• [GOAL OF THE EXERCISE] Transcribe all of the data verbatim, please, and leave out its pictures.

• [RECORDED INFORMATION]
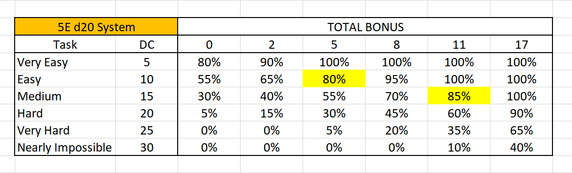 So, let's look at the ability (skill) check system in 5E and chances of success:
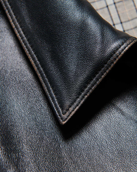 1950~60年代のヴィンテージアイテムのような風合いを特殊な染色によって実現したレザーカーコート。柔らかで保温性のあるシープレザーは長く着続けるほどに味わいが増し、身体により馴染んでいきます。裏地にコットンチェック地を採用することでレトロUKパンクのエッセンスを盛り込むなど、クラシックなアイテムをUEらしくモダナイズしています。
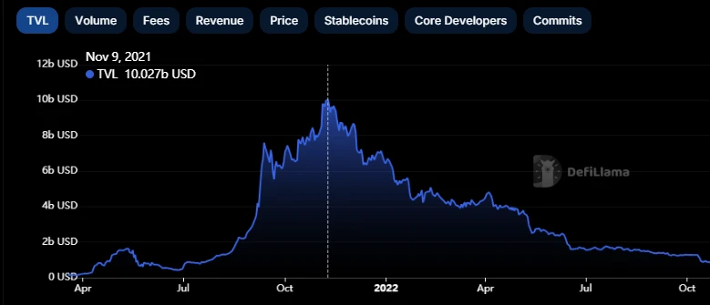 2021 年 11 月,Solana 锁仓量达到 10 亿美元,为同时期 Ethereum 的十分之一、BSC 的三分之二。

• [RESPONSE BELOW]
 So, let's look at the ability (skill) check system in 5E and chances of success:
 1950~60年代のヴィンテージアイテムのような風合いを特殊な染色によって実現したレザーカーコート。柔らかで保温性のあるシープレザーは長く着続けるほどに味わいが増し、身体により馴染んでいきます。裏地にコットンチェック地を採用することでレトロUKパンクのエッセンスを盛り込むなど、クラシックなアイテムをUEらしくモダナイズしています。
 2021 年 11 月,Solana 锁仓量达到 10 亿美元,为同时期 Ethereum 的十分之一、BSC 的三分之二。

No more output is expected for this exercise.